March 31, 2009 2 Comments »

Want better interest rates on your savings? Try foreign currency certificates of deposit. Below are the going rates for CD’s in various developed (and undeveloped) nations, as well as 5 crucial elements to take into consideration before investing.

First I’d like to mention that the main lure for domestic CD’s (certificates of deposit) are their relative safety when compared to all other possible investments in the universe. In almost all cases they are federally insured, fixed rate, time deposits in which you clearly know what you are earning and how long it will take. EverBank’s CD’s are protected against bank failure by the FDIC but your deposits are still susceptible to losses and gains due to currency price fluctuations.

Safely Invest in Foreign Currency CDs Here. FDIC Insured.

5 things to consider before investing in foreign currency CD’s:

1) Perhaps the most crucial and sometimes overlooked factor of foreign currency CD’s is the constantly changing value of one currency vs. another. Before you invest in a foreign currency CD you must first convert your US dollars into the desired currency.
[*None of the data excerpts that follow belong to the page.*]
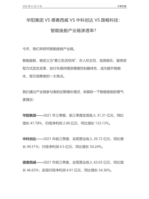 【优塾】【20211117】华阳集团VS德赛西威VS中科创达VS路畅科技:智能座舱产业链渗透率?-30页 行业研究
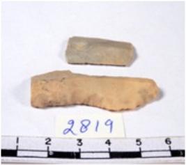 | Description / विवरण | A fragment of a rectangular shaped chert blade showing dorsal sides with sharp edges having smooth surface and triangular section. |
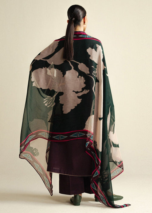 A rich plum maroon shirt paired with a printed trouser and a matching dupatta, creating a timeless contrast of depth and softness. Digital Printed Chiffon Dupatta 2.5 Mtrs Digital Printed Cambric Shirt 3 Mtrs Digital Printed Cambric Trouser 2.4 Mtrs

If you happen to invest, say, $10,000 into an Indian bank and the Indian Rupee falls 10% while your money is invested then you could end up with far less than you put in. However, the inverse of this effect is also true and substantial gains can be earned as well.

2) Make sure you know the exact path in which your money is taking in order to get to the desired foreign bank. Are you simply wiring your money to a broker overseas? Do you know the broker or institution in which you are investing? For example, the Capital Bank of Mexico is currently offering any United States customers a 90-day 12% APY certificate of deposit. Sound attractive? I’d first read up on BankVibe reader comments before investing. Some claim it is a complete scam, however the Capital Bank of Mexico claims it has never lost any depositor’s principle or accrued interest. Needless to say, due diligence is a must.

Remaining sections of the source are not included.